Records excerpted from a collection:
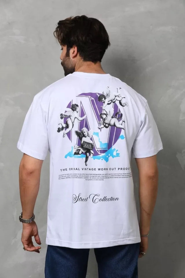 Unisex Bisiklet Yaka Baskılı Oversize T-Shirt - Beyaz
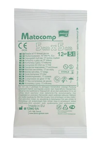 Duża chłonność. 5 indywidualnie zapakowanych kompresów w jednym opakowaniu. Słowa kluczowe: kompresy, gaziki, gaziki jałowe, MATOCOMP
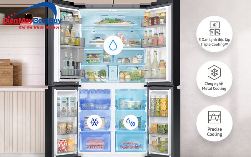 Không chỉ vậy, Triple Cooling còn hạn chế tình trạng lẫn mùi giữa các ngăn, đảm bảo rau củ, thịt cá và thực phẩm đông lạnh luôn giữ được hương vị nguyên bản.
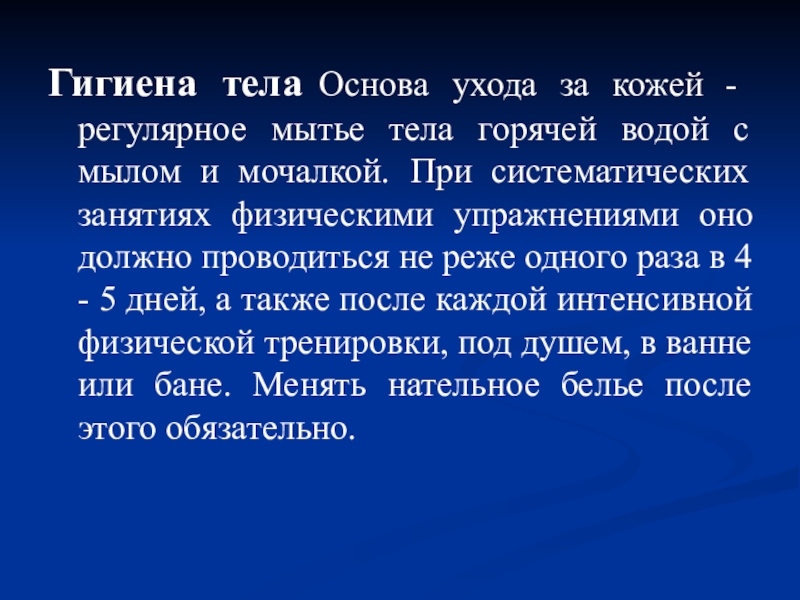 упражнениями оно должно проводиться не реже одного раза в 4 - 5 дней, а также после каждой интенсивной физической тренировки, под душем, в ванне или бане. Менять нательное белье после этого обязательно.
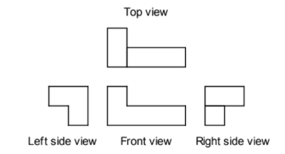 These are views of an object built using linking cubes. Which sketch of the object matches these views.
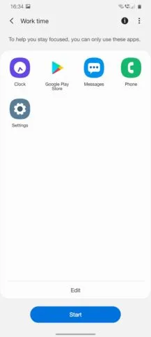برای مثال در حالت «وقت کار» می‌توانید برنامه Phone یا تلفن، ماشین حساب، تقویم، تنظیمات و یا هر چیز دیگری که می‌خواهید حین کار از آن‌ها استفاده کنید به لیست اضافه کنید. برنامه‌هایی که در لیست حضور ندارند هم به حالت تیره در می‌آیند و در منوی خانه یا به عبارتی در صفحه اصلی گوشی از دسترس خارج می‌شوند تا اینکه حالت تمرکز را خاموش کنید.
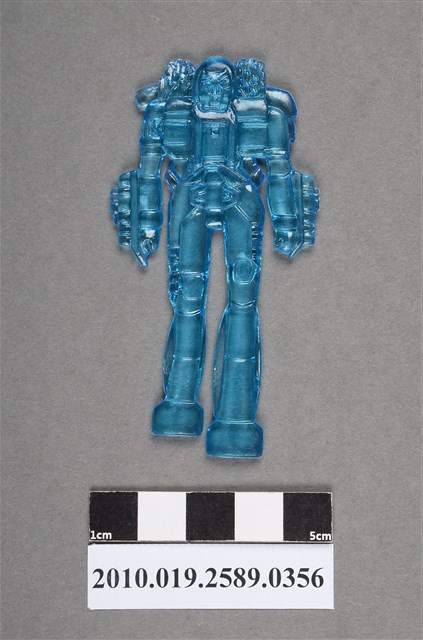 1.本物件為藍色機器人型尪仔仙。硬質塑膠材質,扁平,單一藍色,雙面浮雕圖案,兩面圖案相同。圖案為站立機器人型,肩上有特殊構件,雙手垂下,手臂側面有構件,腳部比例長,有一腳稍微抬起。2.尪仔仙尺寸大致可分成小、中、大型,小型約長2-5公分,中型約長8-15公分,顏色以單色為主。有些大型的則可長達30公分左右,以菩薩、神仙和民間傳說故事人物等造型為主,塗上金銀紅黃彩漆等亮色。1960、70年代的尪仔仙多以民間傳說故事、歌仔戲、布袋戲人物為造型。1980年代改以卡通、電玩、漫畫人物造型為主。常見玩法之一為兩人(或多人)各持一只尪仔仙,輪流用手指彈射,看誰的尪仔仙先疊在對方上面,便可贏得對方用來對戰或是約定的尪仔仙。
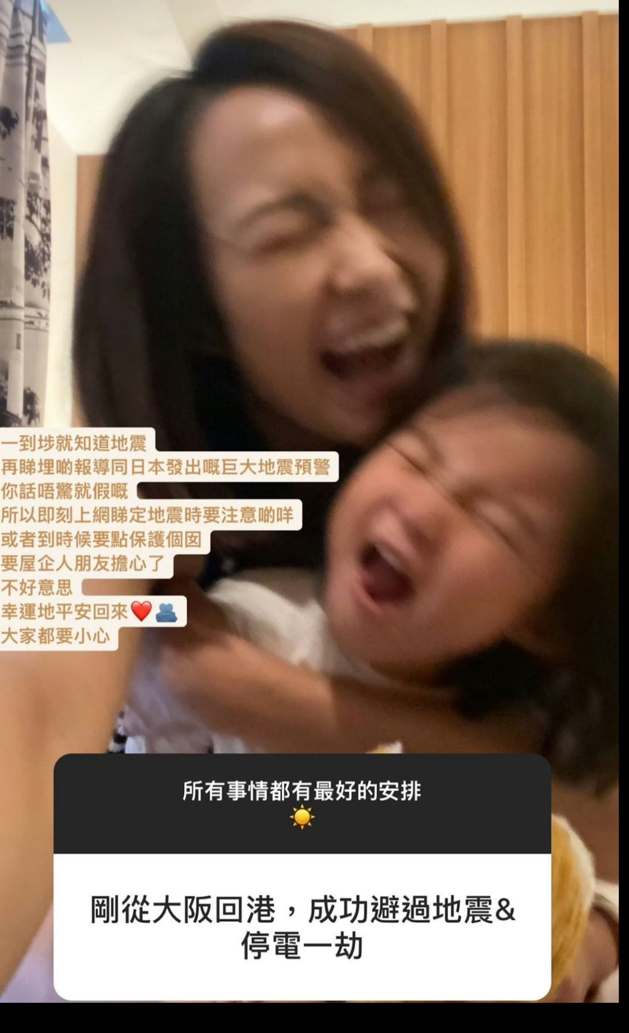 除此之外,湯怡一家遊日嗰陣,咁啱日本發生地震,再加上當地發出巨大地震預警,所以佢話家人同朋友都好擔心佢哋,但話佢哋一家三口已平安回家,成功避過地震與停電一劫,仲話所有事情都有最好的安排。![]()

**WHAT IS EXPECTED:** Output only the lines above from the line that holds "Duża chłonność. 5" through the line that holds "These are views", both ends included, and exclude pictures.

**RESPONSE:**
 Duża chłonność. 5 indywidualnie zapakowanych kompresów w jednym opakowaniu. Słowa kluczowe: kompresy, gaziki, gaziki jałowe, MATOCOMP
 Không chỉ vậy, Triple Cooling còn hạn chế tình trạng lẫn mùi giữa các ngăn, đảm bảo rau củ, thịt cá và thực phẩm đông lạnh luôn giữ được hương vị nguyên bản.
 упражнениями оно должно проводиться не реже одного раза в 4 - 5 дней, а также после каждой интенсивной физической тренировки, под душем, в ванне или бане. Менять нательное белье после этого обязательно.
 These are views of an object built using linking cubes. Which sketch of the object matches these views.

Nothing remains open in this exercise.